My problem is to write explicitly the last two objects.

Now $\partial_x:=(\partial_{x_1},\dots,\partial_{x_n})$ and $dx:=(dx_1,\dots,dx_n)$ and so on for the other variables.

Hence we can think at $\partial_x f\,dx$ as a scalar product between $\partial_x f$ and the formal vector $dx$. In this way, writing formally $dz=dx+idy$ and $d\bar z=dx-idy$ we deduce easily the first equation. However I would like to write explicitly both its sides.

LHS it's obviously $df$ (just a computation). Now it would be nice to write explicitly even RHS, in order to understand how to define properly $\partial f$ and $\bar{\partial}f$.
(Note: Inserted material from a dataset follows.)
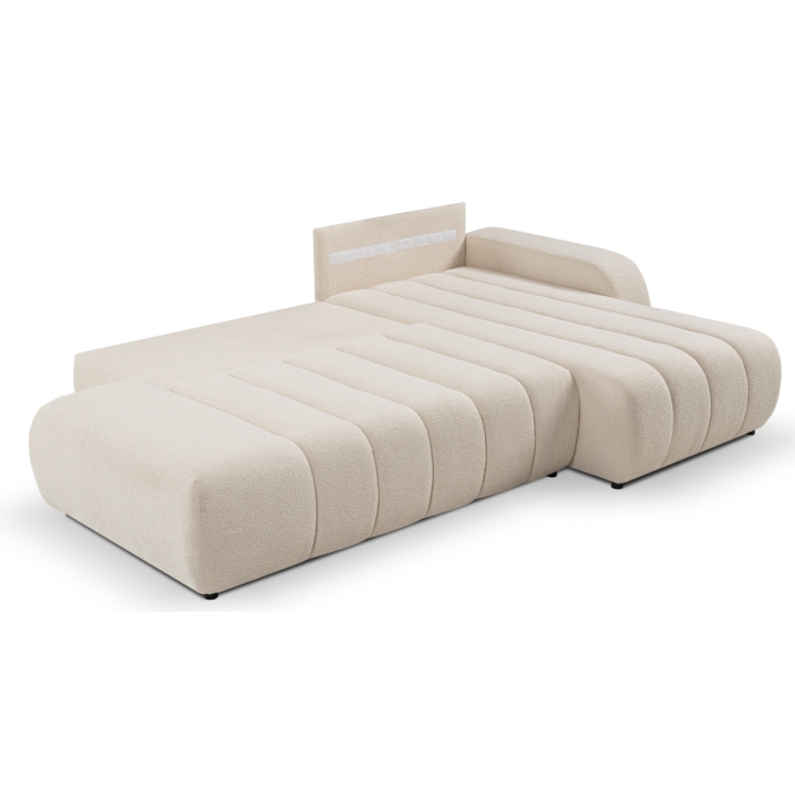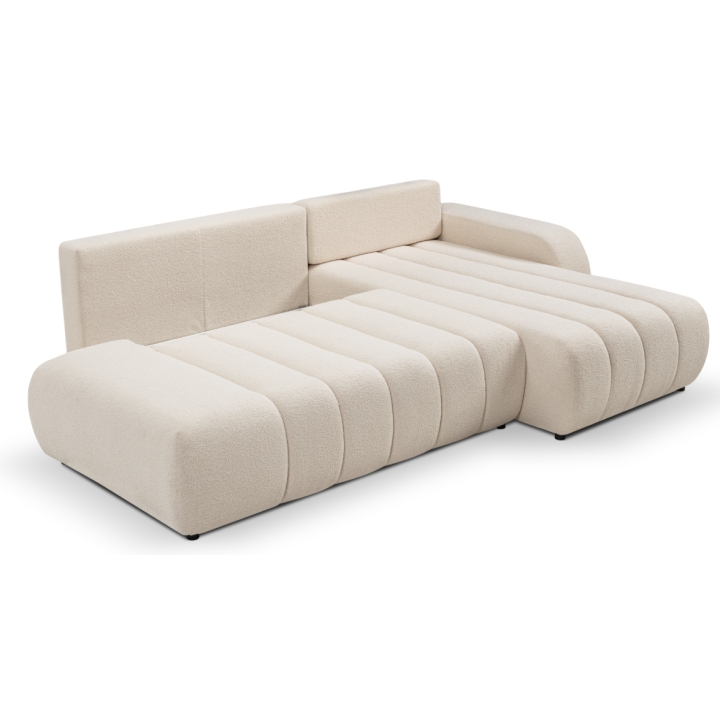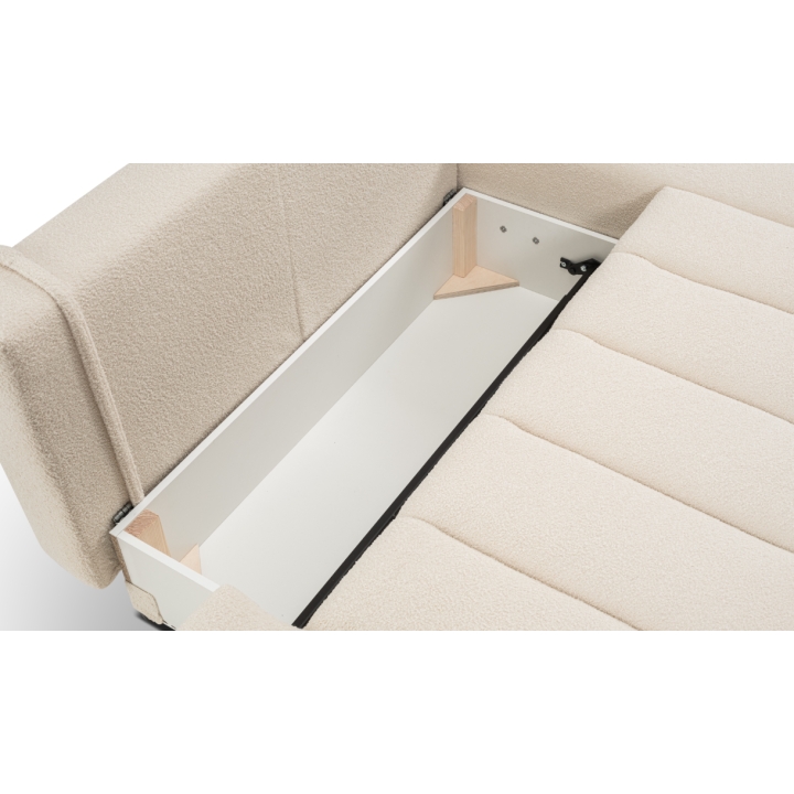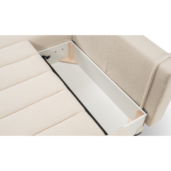 Model wyposażony jest w funkcję spania DL, która polega na tym, że siedzisko wysuwa się do przodu, a oparcie składa się na płasko w powstałe miejsce, tworząc wygodną powierzchnię do spania o wymiarach 145x212 cm. Po rozłożeniu narożnik zapewnia komfortowy sen zarówno na co dzień, jak i okazjonalnie dla gości. W jego wnętrzu znajduje się praktyczny pojemnik na pościel, który ułatwia utrzymanie porządku i oferuje dodatkowe miejsce do przechowywania.

We know that $\partial_z=\frac12(\partial_x-i\partial_y)$ and $\partial_\bar z=\frac12(\partial_x+i\partial_y)$. My problem is to understand how $dz$ works.

We can assume wlog $n=1$. As a differential form, $dx$ is a covector: $dx=(1,0)$ and similarly for $dy=(0,1)$. What about $dz$? We know it's equal to $dx+idy=(1,0)+i(0,1)$, but the "ambient" in which $dz$ lives is 1-dim covector.

I think the point is inside the last observation.

The only way to obtain the first equality directly is to write $dz=(1,-1)$ and $d\bar z=(1,1)$, i.e. $i(0,1)=(0,-1)$. How can this be possibile?

I need someone shading lights on this!

Thank you all!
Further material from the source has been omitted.